Issue 3: GPU container failure

# Add nvidia runtime
[plugins."io.containerd.grpc.v1.cri".containerd.runtimes.nvidia]
runtime_type = "io.containerd.runc.v2"
[plugins."io.containerd.grpc.v1.cri".containerd.runtimes.nvidia.options]
BinaryName = "/usr/bin/nvidia-container-runtime"

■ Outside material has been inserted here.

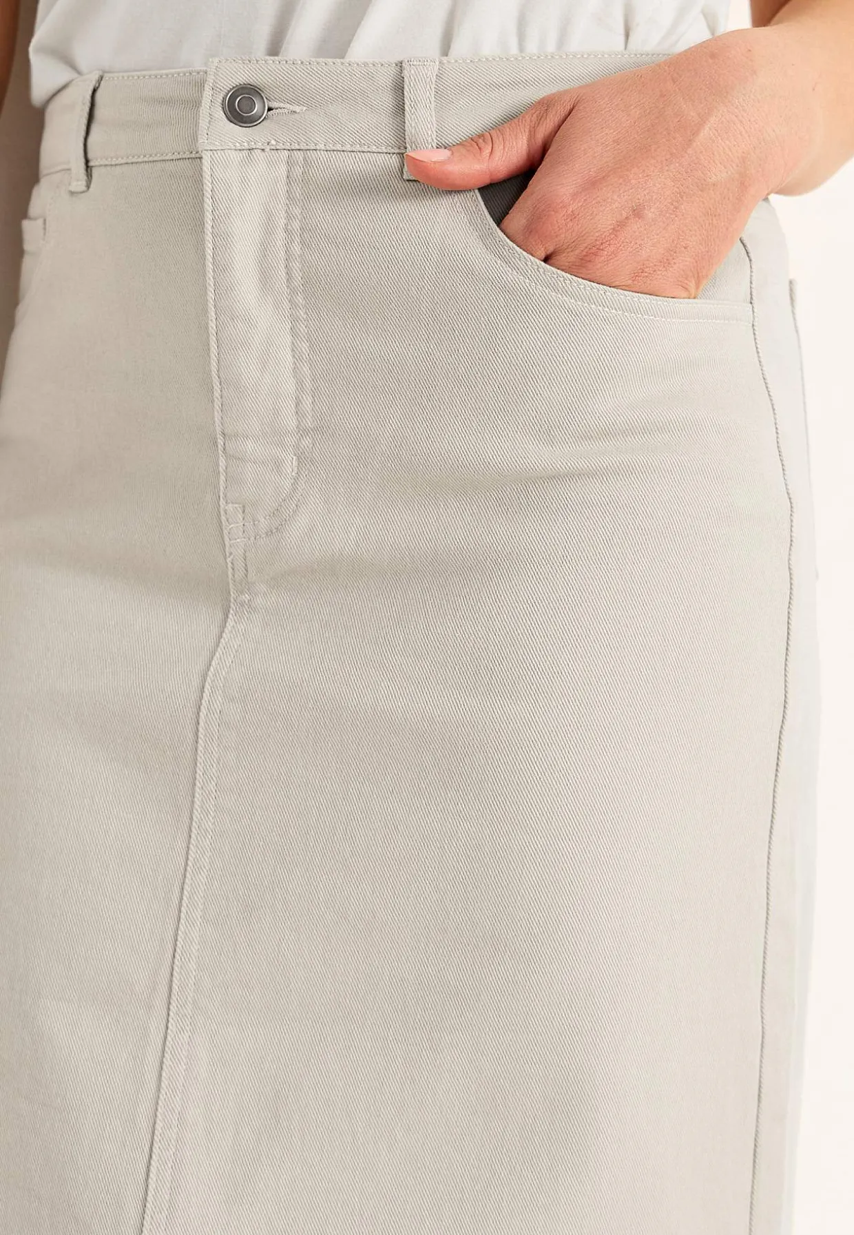 • 5-lommemodel med gylp med lynlås og knap.

4. Post‑Migration Operations Adjustments

4.1 Monitoring System Refactor

Prometheus job switched from Docker exporter to Containerd metrics endpoint:

# Prometheus job for Containerd
- job_name: 'containerd'
  static_configs:
  - targets: ['localhost:1338']

Enable metrics in Containerd:

# /etc/containerd/config.toml
[metrics]
address = "127.0.0.1:1338"
grpc_histogram = false

4.2 Log Collection Scheme Adjustment

Filebeat now reads logs from the pod directory instead of Docker’s path:

# Filebeat inputs
- type: log
  paths:
    - '/var/log/pods/*/*/*.log'
  symlinks: true
  processors:
    - add_kubernetes_metadata:
        host: ${NODE_NAME}
        matchers:
          - logs_path:
              logs_path: "/var/log/pods/"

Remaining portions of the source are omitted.